I don't ask FizzBuzz because many expect it, but I ask equivalently simple
questions. I have the following criteria for an interview code question

1\. Have an obvious KISS implementation. 2\. Ability to modify requirement so
the KISS no longer works.

I expect 2. to enable us to gauge their thinking. I don't expect a working
solution to it, but they should be able to identify why it does not work
anymore and outline ideas to solve it. This part is a conversation where we
can lead them if they are not good at controlling the conversation.

------
gwbas1c
In the end, I'm always trying to have a "discussion about code" with the
candidate. I ask questions that really are easy, but require a certain amount
of listening. This way I understand how the candidate behaves in more abstract
discussions.

Some examples are things like:

\- Walking the candidate through an outdated API (that the candidate isn't
familiar with, but should be able to understand given the nature of the job)

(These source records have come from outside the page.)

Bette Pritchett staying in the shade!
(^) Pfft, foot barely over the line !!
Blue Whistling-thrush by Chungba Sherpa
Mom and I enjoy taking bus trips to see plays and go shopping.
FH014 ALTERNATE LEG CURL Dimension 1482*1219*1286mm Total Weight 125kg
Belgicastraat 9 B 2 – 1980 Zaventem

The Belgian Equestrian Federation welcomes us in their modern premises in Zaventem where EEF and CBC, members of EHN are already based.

\- Walk the candidate through code that converts a database query into objects
without an ORM. (Candidates who can't do this are incompetent. Really.)

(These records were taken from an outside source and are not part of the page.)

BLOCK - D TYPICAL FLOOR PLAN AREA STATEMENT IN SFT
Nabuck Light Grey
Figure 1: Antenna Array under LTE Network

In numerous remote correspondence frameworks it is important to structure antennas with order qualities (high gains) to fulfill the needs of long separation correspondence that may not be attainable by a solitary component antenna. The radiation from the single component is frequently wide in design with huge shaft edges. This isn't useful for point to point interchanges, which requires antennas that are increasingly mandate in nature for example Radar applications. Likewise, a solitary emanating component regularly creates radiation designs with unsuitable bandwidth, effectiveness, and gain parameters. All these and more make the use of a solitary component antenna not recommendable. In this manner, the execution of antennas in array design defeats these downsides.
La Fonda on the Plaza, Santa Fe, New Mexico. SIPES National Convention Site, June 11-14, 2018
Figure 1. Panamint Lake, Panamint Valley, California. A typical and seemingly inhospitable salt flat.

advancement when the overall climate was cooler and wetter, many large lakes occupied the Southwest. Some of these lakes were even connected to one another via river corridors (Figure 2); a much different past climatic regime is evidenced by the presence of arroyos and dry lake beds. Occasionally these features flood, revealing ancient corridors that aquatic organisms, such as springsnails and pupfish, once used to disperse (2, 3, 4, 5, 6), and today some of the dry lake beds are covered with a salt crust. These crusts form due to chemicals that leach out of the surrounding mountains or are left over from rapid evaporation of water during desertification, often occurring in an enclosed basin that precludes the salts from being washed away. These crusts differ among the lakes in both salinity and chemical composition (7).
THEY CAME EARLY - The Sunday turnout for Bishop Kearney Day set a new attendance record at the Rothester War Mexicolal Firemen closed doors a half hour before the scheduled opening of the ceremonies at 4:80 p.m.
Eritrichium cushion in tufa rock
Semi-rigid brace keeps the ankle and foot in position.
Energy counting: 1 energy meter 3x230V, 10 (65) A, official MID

\- Discuss commonly-known details of exceptions / error handling in the
language that the job is for

\- Discuss commonly-known details of memory management in the language that
the job is for

\- Discuss API choice tradeoffs in an API that the candidate should be
familiar with. (I like to pick serialization APIs built into the library in
the language we will use.)

Also:

\- I try to emphasize how I would do with my interview at the candidate's
level of experience

\- I have 2nd chances, and will usually stay on the phone for the scheduled
interview out of respect. (There are still certain points where I will cut an
interview short.)

\- Make a decision to hire quickly.

Usually works well.

Signs to reject someone:

Figuring out how to use the teleconference software is an unofficial part of
my interview. (Most of my interviews are conducted via teleconference because
I'm on a global team.) There are candidates who take 15 minutes to figure out
that they can type their phone number into the teleconference web site and it
will call them back.

Candidates who want to answer a different question, or keep asking, "why can't
I use XYZ" technique usually aren't hired. Again, the purpose is to have a
discussion about code and demonstrate understanding of the discussion. I don't
want to hire someone who can't adapt when the correct solution to the problem
is some tool / design pattern / API / ect that isn't the candidates first
choice.

------
abhirama
I have had good success with an assignment based interview process. I have
written about it in length here - [https://abhyrama.com/2018/11/17/startup-
hiring/](https://abhyrama.com/2018/11/17/startup-hiring/).

------
vinceguidry
Interviewing is an adversarial process, as such, there can be no ideal way to
conduct it. It's like asking for the best way to have a divorce. Any imposed
solution means at least one person is leaving something on the table, and so
it won't be ideal.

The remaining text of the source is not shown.